{x}
blog image

Occurrences After Bigram

Given two strings first and second, consider occurrences in some text of the form "first second third", where second comes immediately after first, and third comes immediately after second.

Return an array of all the words third for each occurrence of "first second third".

 

Example 1:

Input: text = "alice is a good girl she is a good student", first = "a", second = "good"
Output: ["girl","student"]

Example 2:

Input: text = "we will we will rock you", first = "we", second = "will"
Output: ["we","rock"]

 

Constraints:

  • 1 <= text.length <= 1000
  • text consists of lowercase English letters and spaces.
  • All the words in text are separated by a single space.
  • 1 <= first.length, second.length <= 10
  • first and second consist of lowercase English letters.
  • text will not have any leading or trailing spaces.

Solution Explanation for LeetCode 1078: Occurrences After Bigram

This problem asks us to find all words that appear immediately after a specific bigram (a sequence of two words) within a given text.

Approach:

The most straightforward approach involves iterating through the words in the text. We split the text into words, and then use a sliding window of size 3 to check for occurrences of the target bigram. If the bigram is found, we append the third word in the window to the result.

Time Complexity Analysis:

The algorithm iterates through the words in the text once. Splitting the text into words takes O(N) time, where N is the number of words. The subsequent iteration also takes O(N) time. Therefore, the overall time complexity is O(N), which is linear with respect to the number of words in the input text.

Space Complexity Analysis:

The space complexity is determined by the size of the output array ans, which stores the third words following the bigram. In the worst-case scenario, where every bigram is a match, the size of ans could be proportional to the number of words in the input. Therefore, the space complexity is O(N) in the worst case, and O(1) in the best case (no matches).

Code Explanation (Python):

class Solution:
    def findOcurrences(self, text: str, first: str, second: str) -> List[str]:
        words = text.split()  #Split the text into a list of words. O(N)
        ans = [] # Initialize an empty list to store the results
        for i in range(len(words) - 2): # Iterate up to the third to last word.
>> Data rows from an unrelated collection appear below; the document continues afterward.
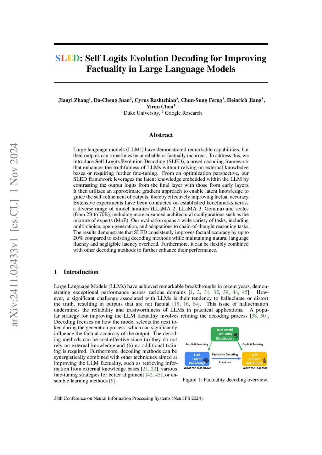 SLED: Self Logits Evolution Decoding for Improving Factuality in Large Language Models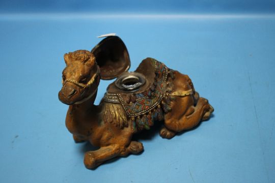 A COLD PAINTED SPELTER CAMEL INKWELL Condition Report : There are a few areas of loss and a crack under the neck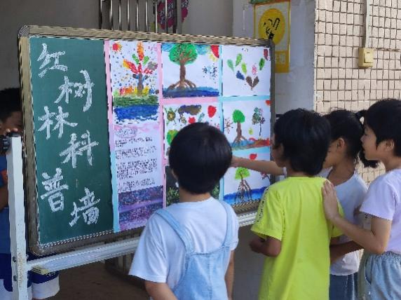 隨后,實踐隊員組織同學們有序地前往位于樓下的科普墻進行參觀,進一步學習更多關于紅樹林的背景知識。將知識貼上墻,是教育的一種創新,讓學生不僅限于課本課堂,有利于增加學生們的學習興趣,增強對知識的記憶。本次的科普墻上不僅有精心制作的關于紅樹林的課外知識,還有各種彩繪圖。同學們都圍成一圈,邊觀察邊討論自己的理解,可謂是其樂融融。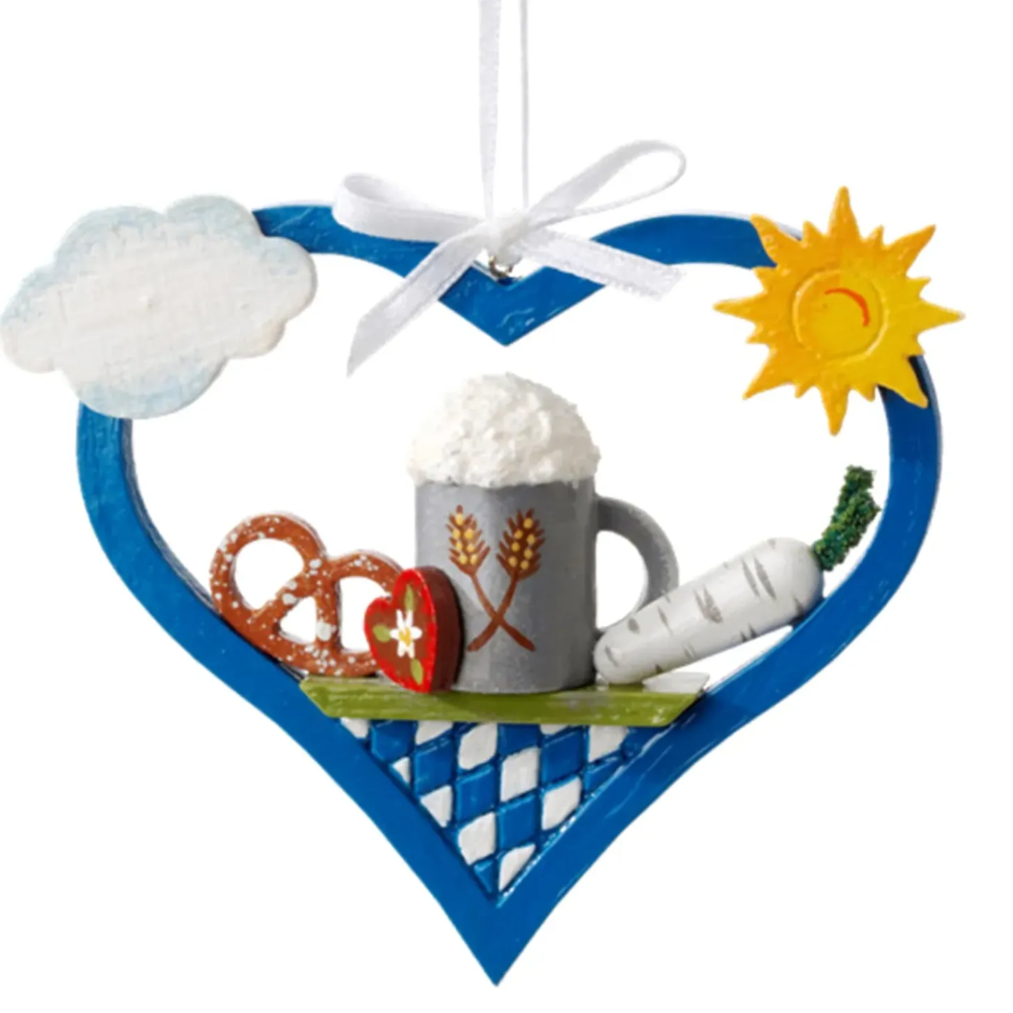 Der Himmel Leuchtet In Den Bayerischen Farben Weis Und Blau Und Die Sonne Lacht Am Himmel. Beruhmt Ist Bayern Auch Fur Sein Hervorragendes Bier Und Herzhaftes Essen. Eine Mas Bier, Eine Breze, Ein Lebkuchenherz Und Ein „Radi“ (Rettich) Wurden Hier Stellvertretend Dargestellt. Das Blaue Herz Ist Eine Schone Erinnerung An Eine Reise Nach Bayern Und Ein Nettes Mitbringsel Von Dieser Reise, Aber Naturlich Auch Ein Tolles Dekorationselement Fur Alle Bayern-Fans!

O(N)
            a, b, c = words[i : i + 3] # Create a sliding window of three words
            if a == first and b == second: # Check if the bigram is found
                ans.append(c) #Append the third word to results
        return ans #Return the list of third words

Code Explanation (Java):

class Solution {
    public String[] findOcurrences(String text, String first, String second) {
        String[] words = text.split(" "); //Split the text into an array of words
        List<String> ans = new ArrayList<>(); //Initialize an ArrayList to store results
        for (int i = 0; i < words.length - 2; ++i) { //Iterate up to the third to last word
            if (first.equals(words[i]) && second.equals(words[i + 1])) { //Check if the bigram is found
                ans.add(words[i + 2]); // Add the third word to the ArrayList
            }
        }
        return ans.toArray(new String[0]); // Convert ArrayList to String array and return
    }
}

The other languages (C++, Go, TypeScript) follow a very similar pattern: they split the input string into words, iterate through the words using a sliding window of size 3, and check for the bigram to collect the words that follow. The core logic remains the same across all implementations.